A primeira reação foi estranhar o convite: ''A esta hora?'' (eram 11 e meia da noite de 13 de dezembro de 1968). O desconhecido disse que sim. Quatro outros desconhecidos rodearam meu carro. Percebi do que se tratava (seria a terceira prisão de uma série de seis).

''Não tenho nada a falar com o general. Não o conheço, nem ele me conhece. Deve haver algum engano'' —eu sabia que aquilo não adiantava, mas queria ganhar tempo para procurar entender o que estava acontecendo.

O desconhecido abriu a porta do meu carro e mudou o tom da voz: ''Vamos andando que o general tem pressa''.

Uma Kombi saiu das entranhas da garagem (desde cedo estava ali à minha espera). Os quatro desconhecidos tinham armas na cintura, um deles exibia uma pequena metralhadora suplementar e a apontou para mim: ''Vamos indo''.

Perguntei se podia dar um pulo em casa, avisar a família, apanhar algumas coisas. Não. Que eu fosse inteligente e não dificultasse as coisas. Seria melhor para todos.

Na Kombi, me enfiaram um capuz escuro que cheirava a suor e a saco de algum cereal não identificado. Quando o tiraram, meia hora depois, estava num enorme pátio de quartel. Um coronel se apresentou e delicadamente pediu desculpa pelas instalações. Um aspirante conduziu-me à cela. Com entusiasmo, me comunicou que naquela noite seriam fuzilados Juscelino Kubitschek, Carlos Lacerda e outros comunistas.

''Tem um lá na cela esperando por você.''

A cela era enorme, fracamente iluminada.
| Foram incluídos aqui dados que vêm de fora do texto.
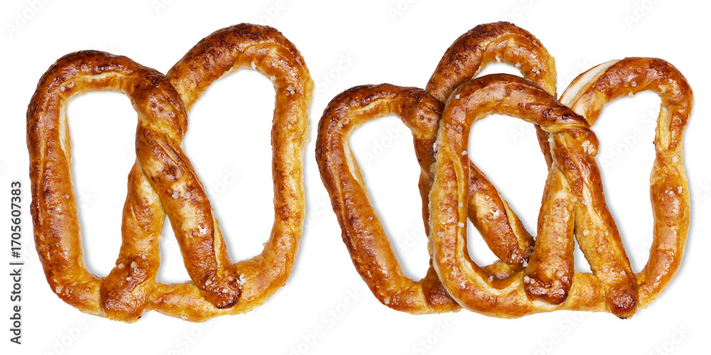 Salty baked brown pretzel isolated over a white background. Oktoberfest festival
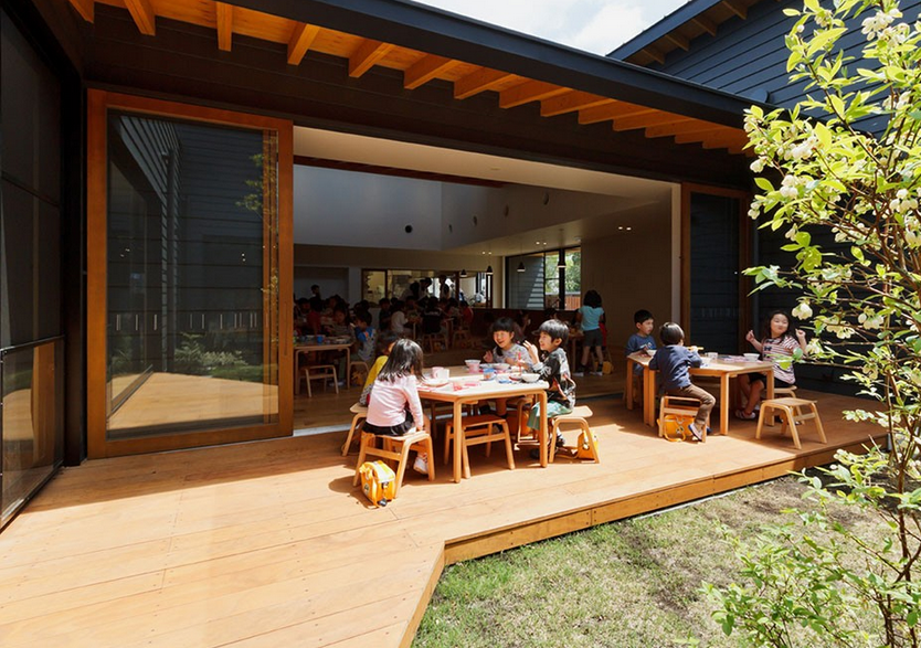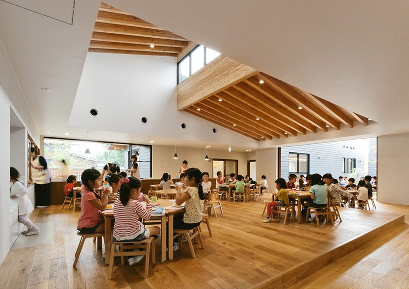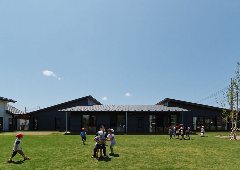 連接建筑物所產(chǎn)生的空間被用作庭院和按不同年齡段分類的花園。計劃中庭院的大小存在適當?shù)木嚯x,使孩子們可以看到同一水平的風景。在兒童衛(wèi)生間,面對庭院的圖畫書室、餐廳和嬰兒室,可以建立他們在生活中自然地看到彼此的關(guān)系。

Num catre, com febre de 39 graus, Joel Silveira fez uma pergunta que já era uma resposta: ''O que estamos fazendo aqui?''.

O barril e a esmola
5 de janeiro de 2000

Zombavam de Diógenes. Além de morar num barril, volta e meia era visto pedindo esmolas às estátuas. Cegas por serem estátuas, eram duplamente cegas porque não tinham olhos —uma das características da estatuária grega. Pela forma é que se penetrava na alma das estátuas, não pelos olhos.

Perguntaram a Diógenes porque pedia esmola às estátuas inanimadas, de olhos vazios. Ele respondia que estava se habituando à recusa. Pedindo a quem não o via nem o sentia, ele nem ficava aborrecido pelo fato de não ser atendido.

É mais ou menos uma imagem que pode ser usada para definir as relações entre a sociedade e o poder. Tal como as estátuas gregas, o poder tem os olhos vazados, só olha para dentro de si mesmo, de seus interesses de continuidade e de mais poder.

A sociedade, em linhas gerais, não chega a morar num barril. Uma pequena minoria mora em coisa mais substancial. A maioria mora em espaços um pouco maiores do que um barril. E há gente que nem consegue um barril para morar, fica mesmo embaixo da ponte ou por cima das calçadas.

Morando em coisa melhor, igual ou pior do que um barril, a sociedade tem necessidade de pedir não exatamente esmolas ao poder, mas medidas de segurança, emprego, saúde e educação. Dispõe de vários canais para isso, mas, na etapa final, todos se resumem numa estátua fria, de olhos que nem estão fechados: estão vazios.

Pupilas vazadas que nada olham. Ou que olham errado —como no caso de Maria Antonieta, que sugeriu ao povo comer brioches à falta de pão.

Não sei por que lembrei o cinismo sábio de Diógenes e o cinismo burro de Maria Antonieta. Acho que têm a ver com um tipo de cinismo que nem é sábio nem burro. É apenas um cinismo que só não é inútil porque é cruel.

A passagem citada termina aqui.